> [TASK STATEMENT]: Images excepted, the data below must be repeated exactly.

[Saved data entries]
_ _ _

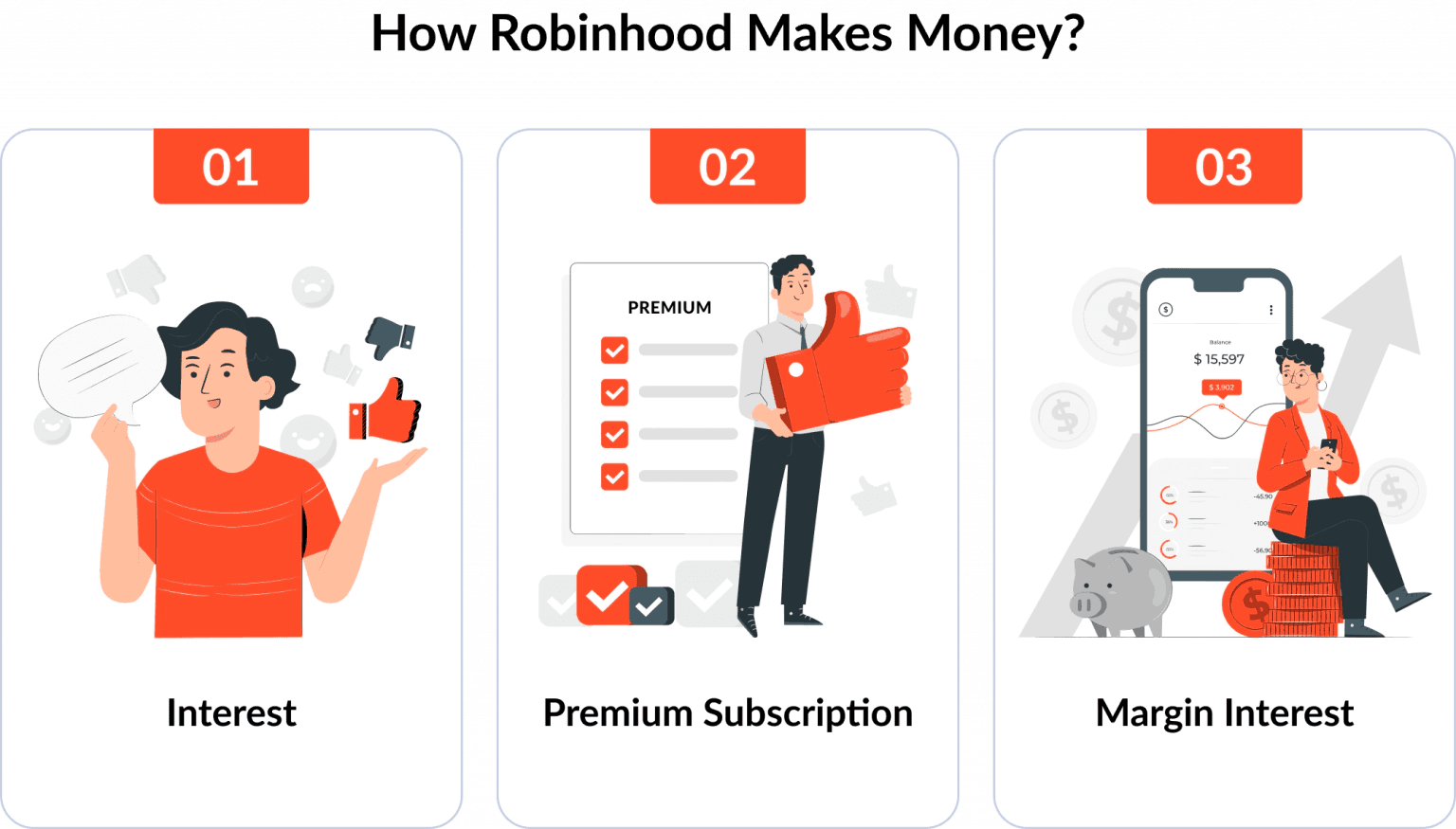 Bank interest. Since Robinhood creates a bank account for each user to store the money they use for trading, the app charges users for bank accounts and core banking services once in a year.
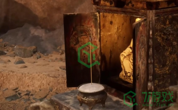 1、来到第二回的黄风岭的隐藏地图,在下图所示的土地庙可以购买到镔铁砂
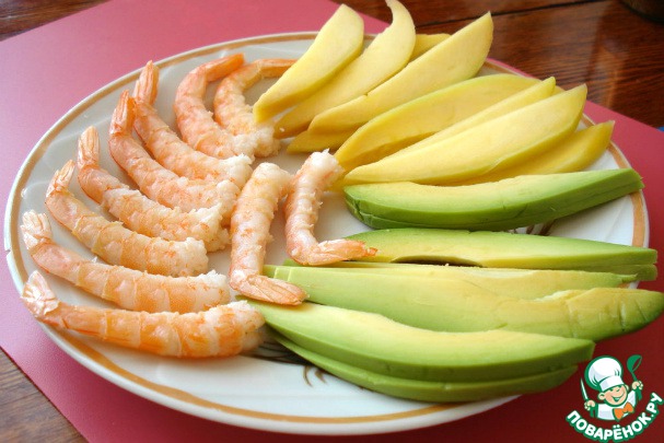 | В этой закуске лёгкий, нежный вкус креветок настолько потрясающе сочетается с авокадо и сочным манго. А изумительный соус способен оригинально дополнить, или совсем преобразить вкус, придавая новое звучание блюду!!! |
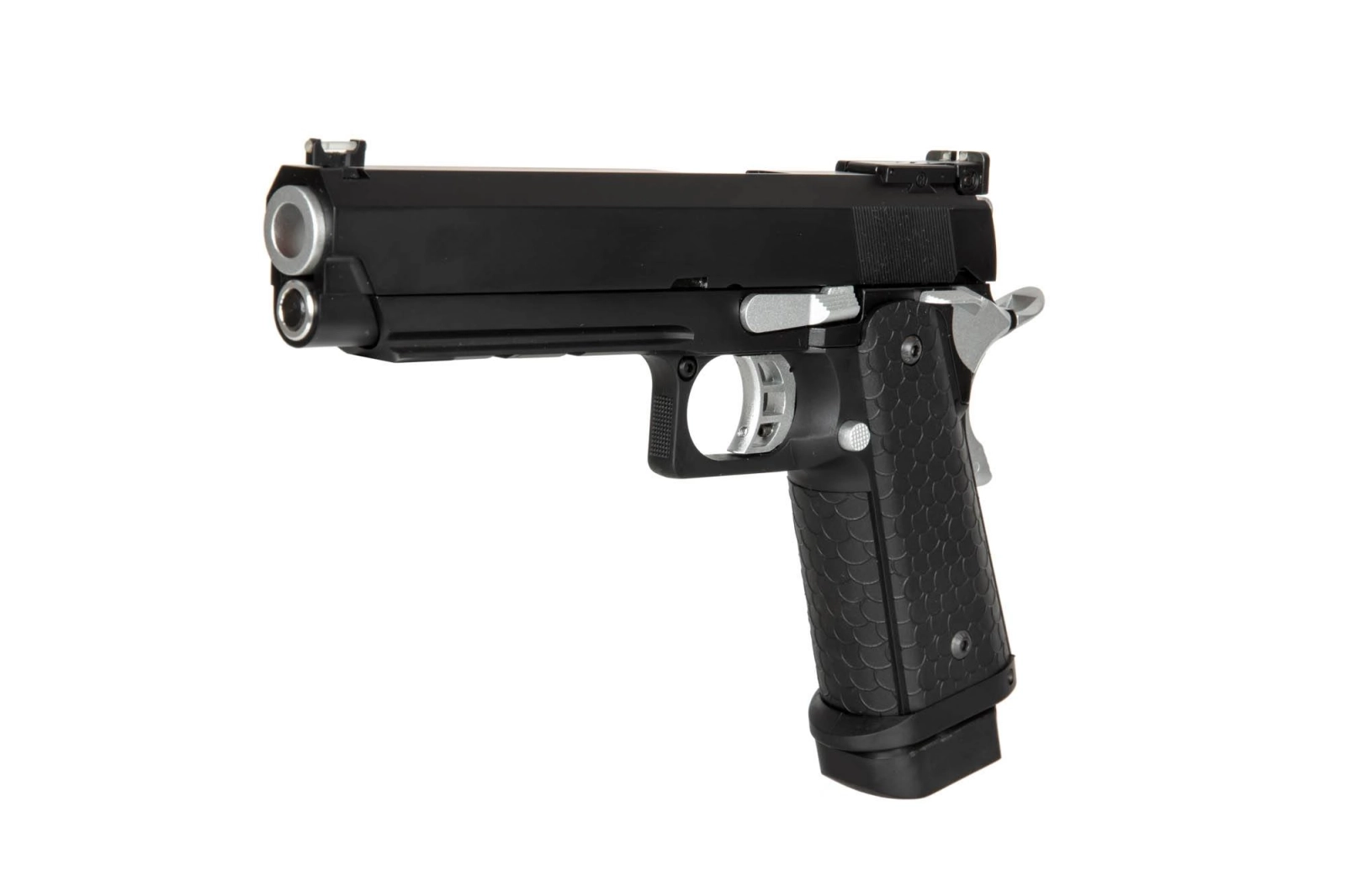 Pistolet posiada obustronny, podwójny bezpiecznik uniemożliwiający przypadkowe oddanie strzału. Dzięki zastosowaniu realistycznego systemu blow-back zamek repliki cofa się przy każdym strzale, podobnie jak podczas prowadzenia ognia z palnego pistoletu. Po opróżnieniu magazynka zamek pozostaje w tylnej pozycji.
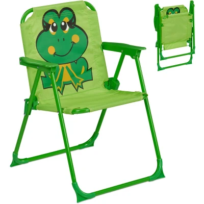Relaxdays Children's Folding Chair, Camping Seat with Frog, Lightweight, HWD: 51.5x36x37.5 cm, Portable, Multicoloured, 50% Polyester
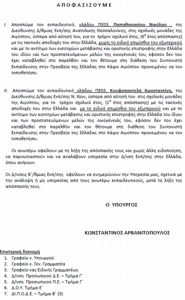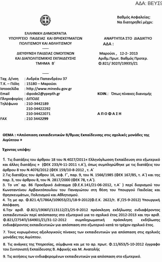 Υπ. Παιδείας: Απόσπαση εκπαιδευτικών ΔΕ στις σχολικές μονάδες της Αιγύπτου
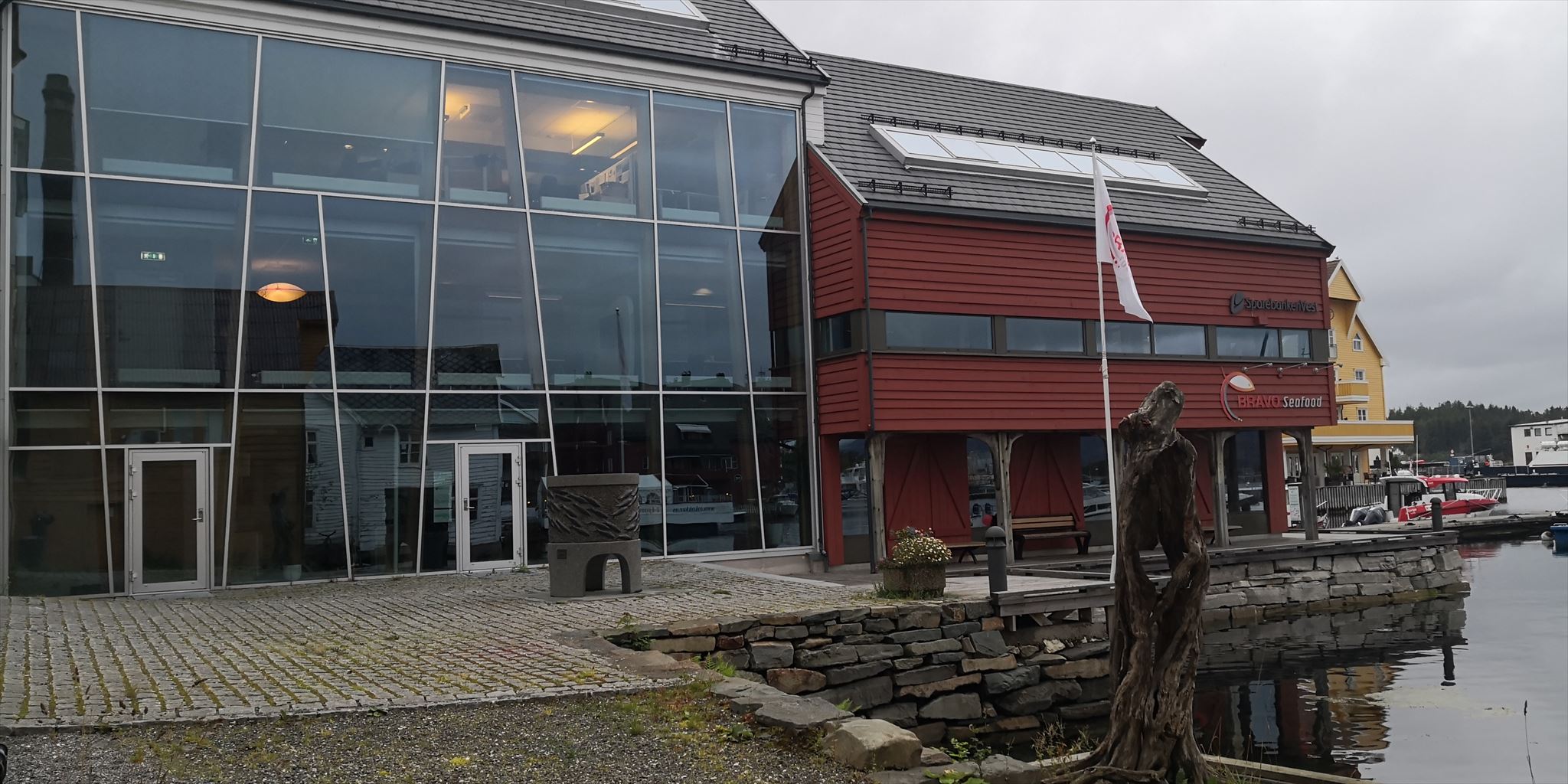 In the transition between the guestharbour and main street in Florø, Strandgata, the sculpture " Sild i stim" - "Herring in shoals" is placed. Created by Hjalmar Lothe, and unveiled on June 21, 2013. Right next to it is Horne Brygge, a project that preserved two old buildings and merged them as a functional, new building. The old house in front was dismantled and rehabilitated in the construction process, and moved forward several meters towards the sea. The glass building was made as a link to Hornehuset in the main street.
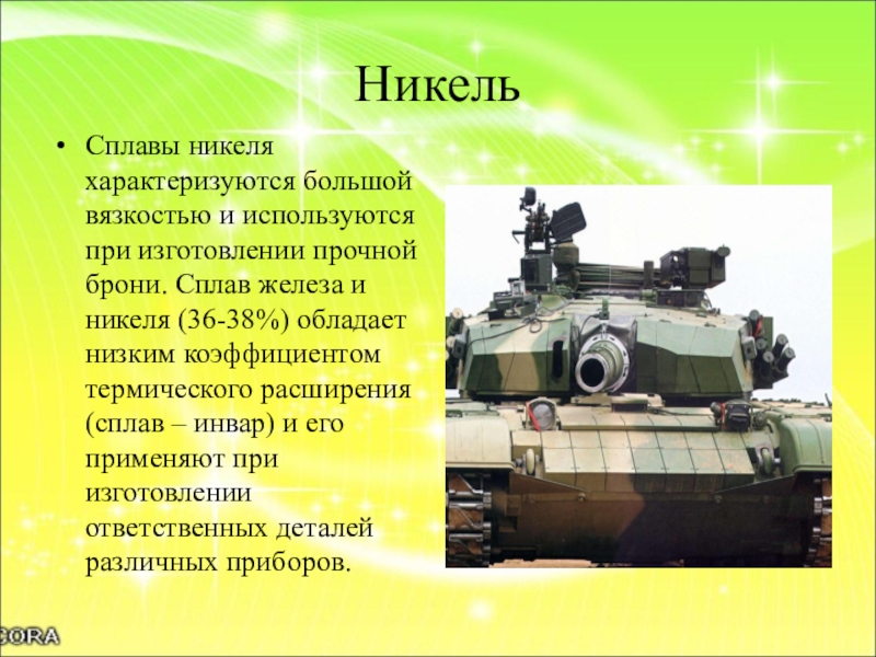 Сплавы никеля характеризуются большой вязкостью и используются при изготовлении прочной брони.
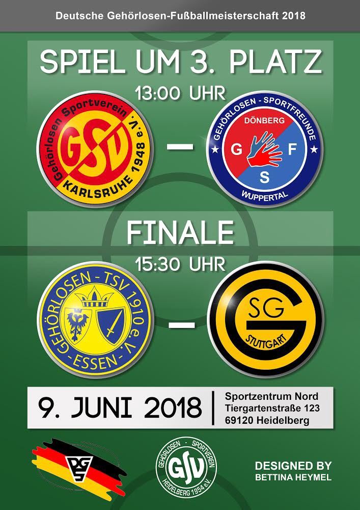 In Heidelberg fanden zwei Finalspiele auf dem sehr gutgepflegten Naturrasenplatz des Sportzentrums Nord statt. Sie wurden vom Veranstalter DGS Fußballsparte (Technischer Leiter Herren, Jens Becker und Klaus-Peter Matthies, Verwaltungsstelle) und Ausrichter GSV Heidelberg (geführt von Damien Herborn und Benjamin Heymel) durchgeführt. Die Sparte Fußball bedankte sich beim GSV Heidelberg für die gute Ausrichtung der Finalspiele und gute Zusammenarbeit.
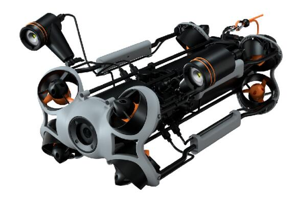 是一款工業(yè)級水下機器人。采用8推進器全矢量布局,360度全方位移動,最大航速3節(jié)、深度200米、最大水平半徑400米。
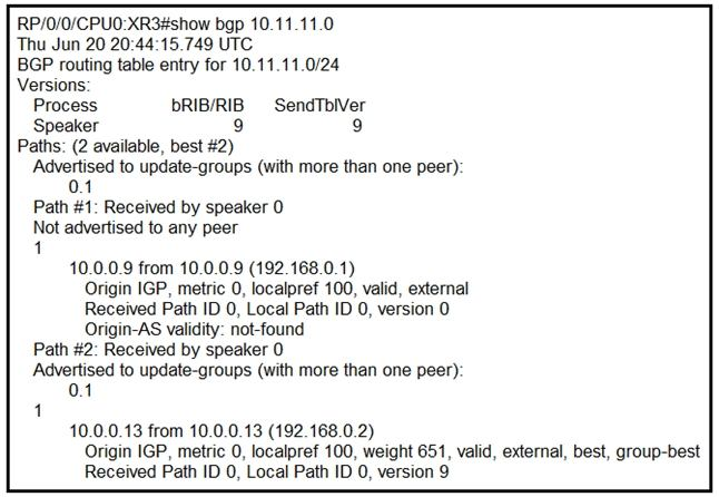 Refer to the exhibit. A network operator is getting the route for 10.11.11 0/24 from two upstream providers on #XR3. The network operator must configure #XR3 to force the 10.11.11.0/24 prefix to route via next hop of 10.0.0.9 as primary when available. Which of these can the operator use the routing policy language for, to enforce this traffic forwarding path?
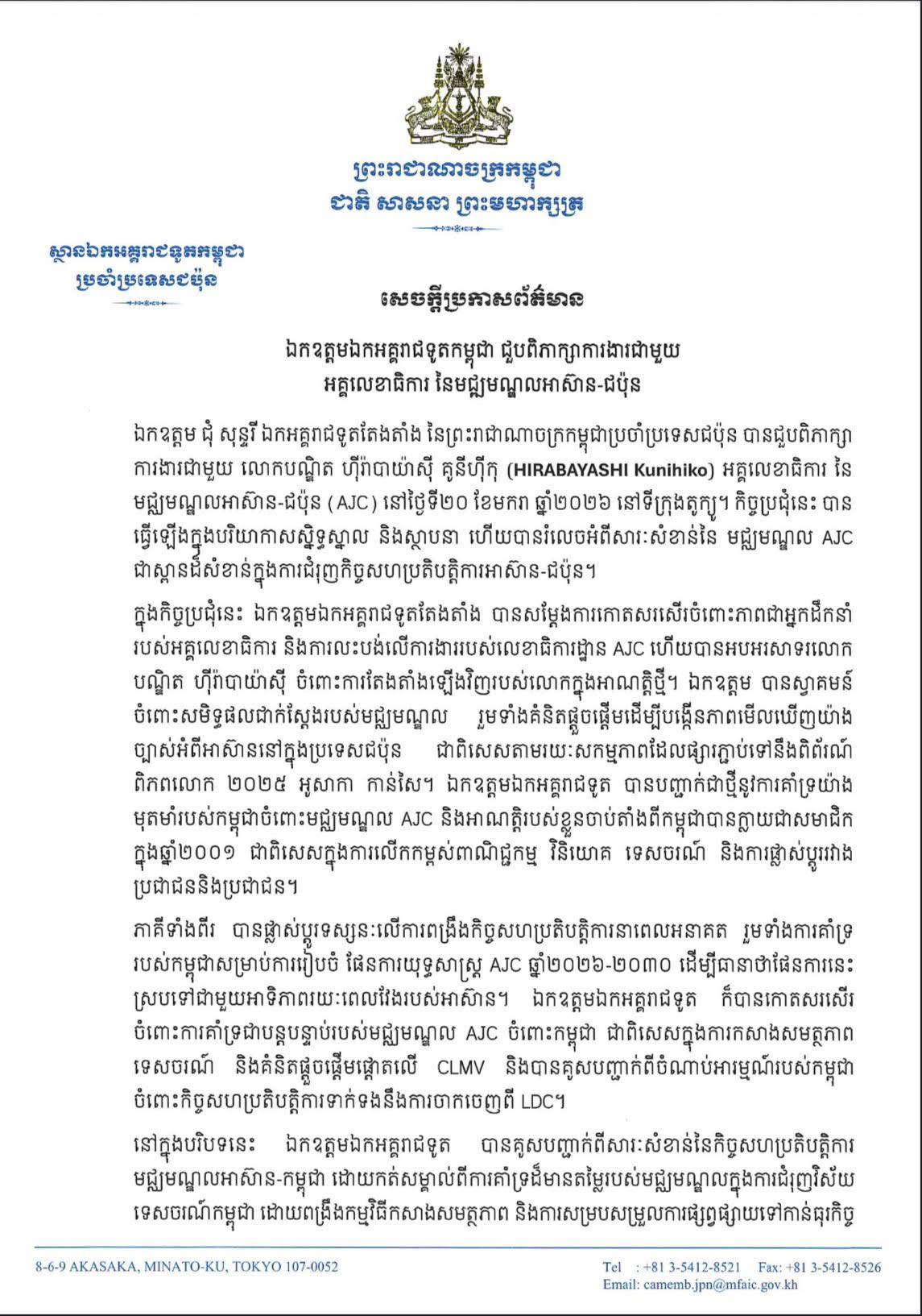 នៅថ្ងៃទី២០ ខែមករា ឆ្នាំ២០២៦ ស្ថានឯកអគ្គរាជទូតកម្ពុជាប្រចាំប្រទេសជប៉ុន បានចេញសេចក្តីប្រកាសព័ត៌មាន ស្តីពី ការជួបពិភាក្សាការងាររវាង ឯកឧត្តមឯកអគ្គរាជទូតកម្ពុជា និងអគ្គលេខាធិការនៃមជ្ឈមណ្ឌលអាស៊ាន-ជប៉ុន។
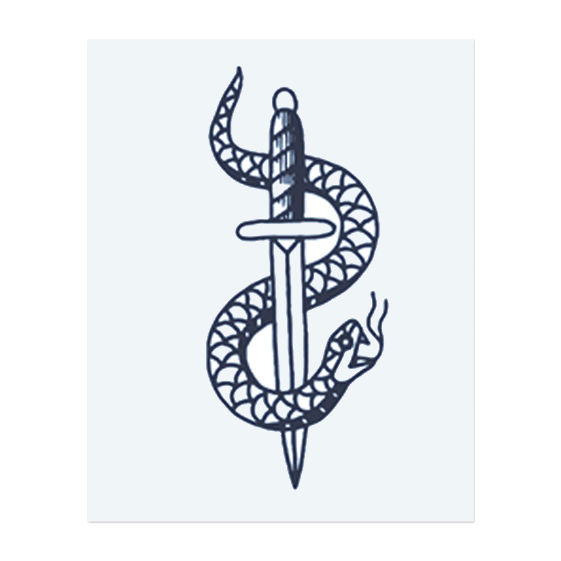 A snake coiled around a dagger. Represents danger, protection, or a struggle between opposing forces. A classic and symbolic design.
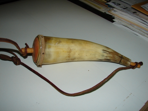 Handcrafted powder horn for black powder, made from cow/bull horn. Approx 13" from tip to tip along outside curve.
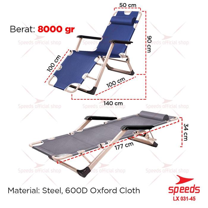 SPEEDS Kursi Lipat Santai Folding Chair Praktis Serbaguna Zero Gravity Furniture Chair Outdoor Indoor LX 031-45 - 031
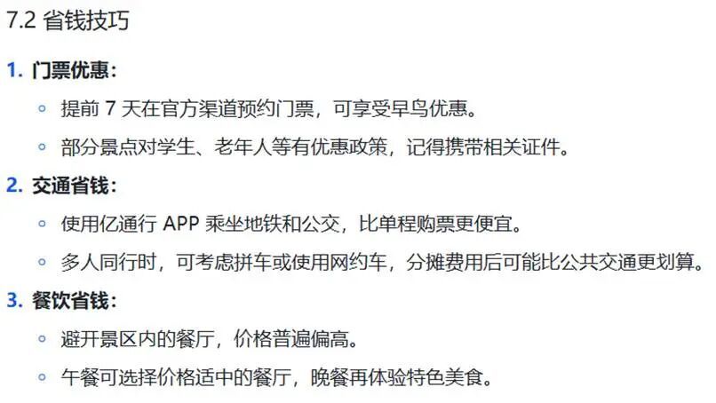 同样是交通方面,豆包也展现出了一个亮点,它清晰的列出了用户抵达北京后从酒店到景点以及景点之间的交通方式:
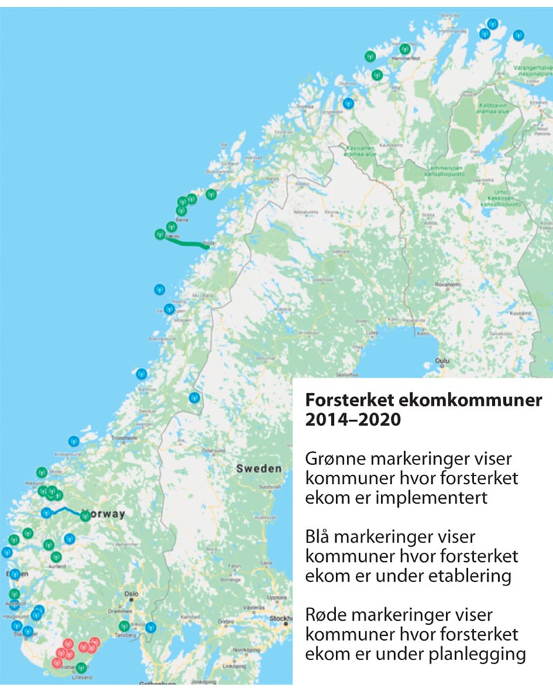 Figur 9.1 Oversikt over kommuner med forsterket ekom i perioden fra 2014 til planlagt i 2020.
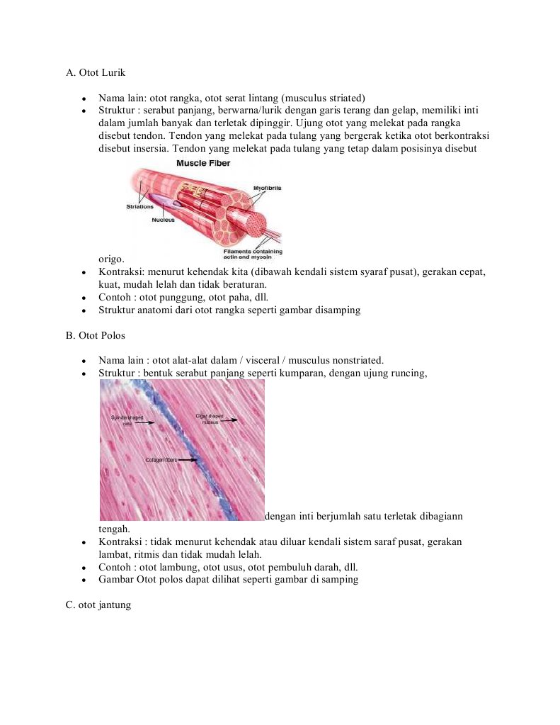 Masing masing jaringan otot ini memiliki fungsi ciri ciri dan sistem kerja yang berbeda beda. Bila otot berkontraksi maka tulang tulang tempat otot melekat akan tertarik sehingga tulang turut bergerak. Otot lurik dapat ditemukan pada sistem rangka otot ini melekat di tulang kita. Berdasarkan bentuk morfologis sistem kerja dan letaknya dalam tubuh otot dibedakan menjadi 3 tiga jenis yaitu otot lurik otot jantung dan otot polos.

_ _ _

> [RESULT]:
 Bank interest. Since Robinhood creates a bank account for each user to store the money they use for trading, the app charges users for bank accounts and core banking services once in a year.
 1、来到第二回的黄风岭的隐藏地图,在下图所示的土地庙可以购买到镔铁砂
 | В этой закуске лёгкий, нежный вкус креветок настолько потрясающе сочетается с авокадо и сочным манго. А изумительный соус способен оригинально дополнить, или совсем преобразить вкус, придавая новое звучание блюду!!! |
 Pistolet posiada obustronny, podwójny bezpiecznik uniemożliwiający przypadkowe oddanie strzału. Dzięki zastosowaniu realistycznego systemu blow-back zamek repliki cofa się przy każdym strzale, podobnie jak podczas prowadzenia ognia z palnego pistoletu. Po opróżnieniu magazynka zamek pozostaje w tylnej pozycji.
Relaxdays Children's Folding Chair, Camping Seat with Frog, Lightweight, HWD: 51.5x36x37.5 cm, Portable, Multicoloured, 50% Polyester
 Υπ. Παιδείας: Απόσπαση εκπαιδευτικών ΔΕ στις σχολικές μονάδες της Αιγύπτου
 In the transition between the guestharbour and main street in Florø, Strandgata, the sculpture " Sild i stim" - "Herring in shoals" is placed. Created by Hjalmar Lothe, and unveiled on June 21, 2013. Right next to it is Horne Brygge, a project that preserved two old buildings and merged them as a functional, new building. The old house in front was dismantled and rehabilitated in the construction process, and moved forward several meters towards the sea. The glass building was made as a link to Hornehuset in the main street.
 Сплавы никеля характеризуются большой вязкостью и используются при изготовлении прочной брони.
 In Heidelberg fanden zwei Finalspiele auf dem sehr gutgepflegten Naturrasenplatz des Sportzentrums Nord statt. Sie wurden vom Veranstalter DGS Fußballsparte (Technischer Leiter Herren, Jens Becker und Klaus-Peter Matthies, Verwaltungsstelle) und Ausrichter GSV Heidelberg (geführt von Damien Herborn und Benjamin Heymel) durchgeführt. Die Sparte Fußball bedankte sich beim GSV Heidelberg für die gute Ausrichtung der Finalspiele und gute Zusammenarbeit.
 是一款工業(yè)級水下機器人。采用8推進器全矢量布局,360度全方位移動,最大航速3節(jié)、深度200米、最大水平半徑400米。
 Refer to the exhibit. A network operator is getting the route for 10.11.11 0/24 from two upstream providers on #XR3. The network operator must configure #XR3 to force the 10.11.11.0/24 prefix to route via next hop of 10.0.0.9 as primary when available. Which of these can the operator use the routing policy language for, to enforce this traffic forwarding path?
 នៅថ្ងៃទី២០ ខែមករា ឆ្នាំ២០២៦ ស្ថានឯកអគ្គរាជទូតកម្ពុជាប្រចាំប្រទេសជប៉ុន បានចេញសេចក្តីប្រកាសព័ត៌មាន ស្តីពី ការជួបពិភាក្សាការងាររវាង ឯកឧត្តមឯកអគ្គរាជទូតកម្ពុជា និងអគ្គលេខាធិការនៃមជ្ឈមណ្ឌលអាស៊ាន-ជប៉ុន។
 A snake coiled around a dagger. Represents danger, protection, or a struggle between opposing forces. A classic and symbolic design.
 Handcrafted powder horn for black powder, made from cow/bull horn. Approx 13" from tip to tip along outside curve.
 SPEEDS Kursi Lipat Santai Folding Chair Praktis Serbaguna Zero Gravity Furniture Chair Outdoor Indoor LX 031-45 - 031
 同样是交通方面,豆包也展现出了一个亮点,它清晰的列出了用户抵达北京后从酒店到景点以及景点之间的交通方式:
 Figur 9.1 Oversikt over kommuner med forsterket ekom i perioden fra 2014 til planlagt i 2020.
 Masing masing jaringan otot ini memiliki fungsi ciri ciri dan sistem kerja yang berbeda beda. Bila otot berkontraksi maka tulang tulang tempat otot melekat akan tertarik sehingga tulang turut bergerak. Otot lurik dapat ditemukan pada sistem rangka otot ini melekat di tulang kita. Berdasarkan bentuk morfologis sistem kerja dan letaknya dalam tubuh otot dibedakan menjadi 3 tiga jenis yaitu otot lurik otot jantung dan otot polos.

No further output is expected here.